Harper argues that the government needs to treat affordable fresh food as prevention infrastructure, not charity. “The trajectory is reversible,” he said. “The government needs to stop treating affordable fresh food as charity and start treating it as prevention infrastructure.” The government has outlined a “Good Food Cycle” strategy intended to create a more resilient, sustainable and accessible food system, and it supports programmes such as the Healthy Start Scheme, school breakfast clubs and the Holiday Activities and Food Programme.
However, food industry bodies have warned that further price rises are likely without action on the broader cost drivers. The British Retail Consortium has warned that food inflation could remain above 5% into 2026. The Food and Drink Federation predicts food price rises of 5.7% by December 2025, driven by regulatory pressures and taxes rather than energy and agricultural inputs alone, while post-Brexit border checks have added costs to imports.
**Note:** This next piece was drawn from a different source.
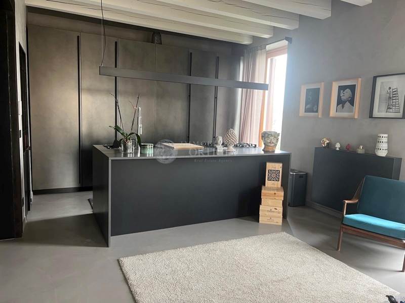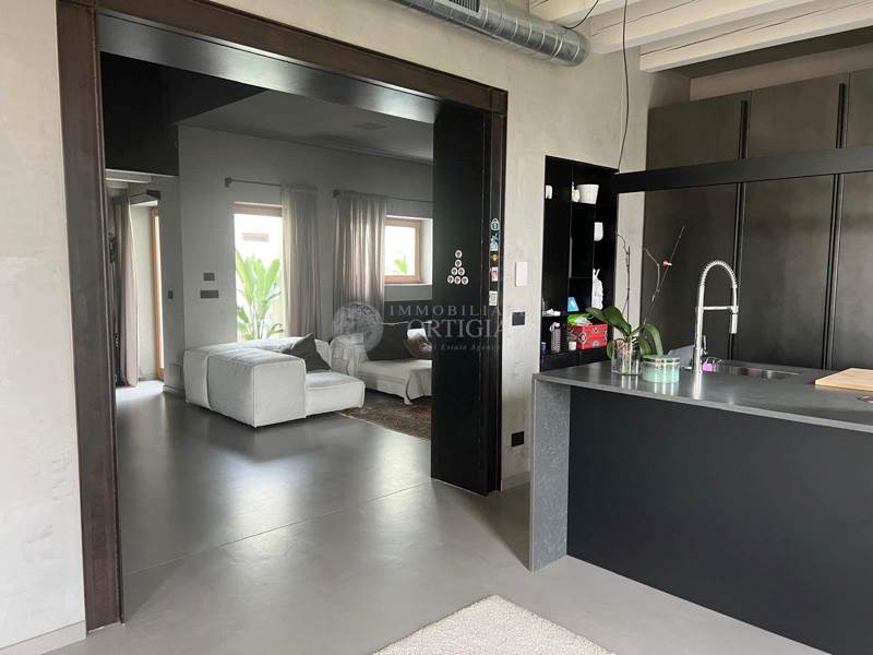 La zona giorno prosegue con una spaziosa cucina realizzata su misura e completamente attrezzata, affiancata da una sala da pranzo armoniosamente integrata negli spazi, curati nei minimi dettagli anche nelle scelte cromatiche. Le finestre, affacciate su entrambi i lati dell’edificio, garantiscono ambienti silenziosi e riservati.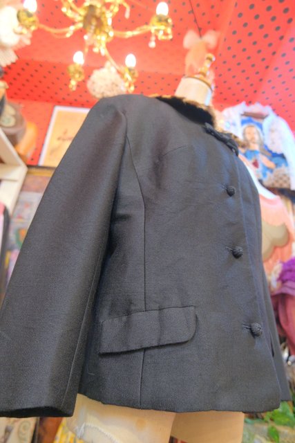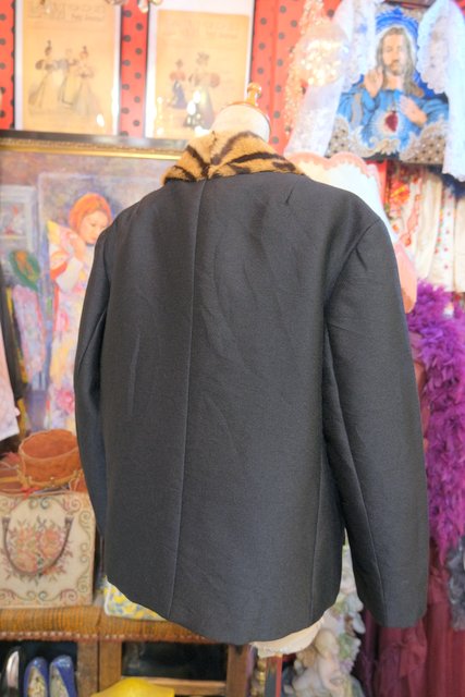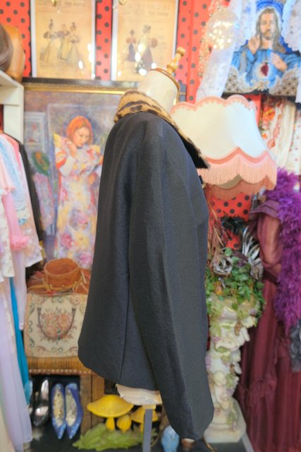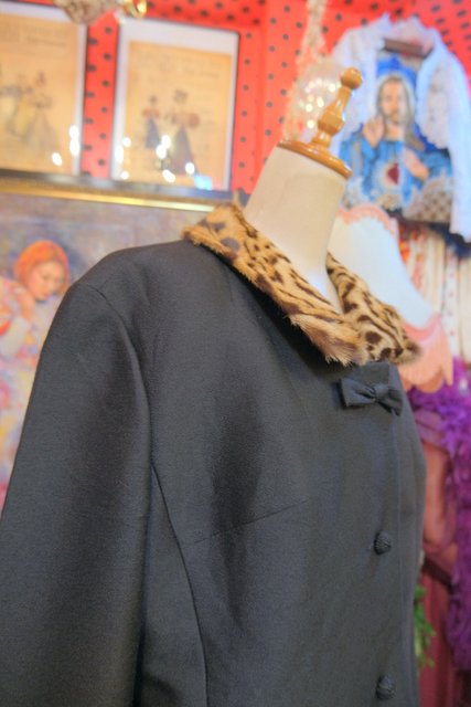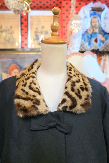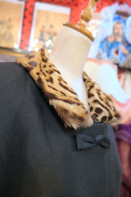 レオパード柄のミンクファー襟にリボンやレトロボタンがお洒落な1950年代頃のヨーロピアンアンティークジャケット

Supermarket chiefs have cautioned the Treasury against imposing additional taxes on retail, arguing that such measures would land directly on consumer prices.
For the families already at the edge, the next wave of inflation – whether from climate shocks, supply disruptions or fiscal policy – will be felt first in the weekly shop, and then in their health. The data from charities, surveys and the food industry itself all point to the same conclusion: the price of food has become a public health emergency that demands a structural response.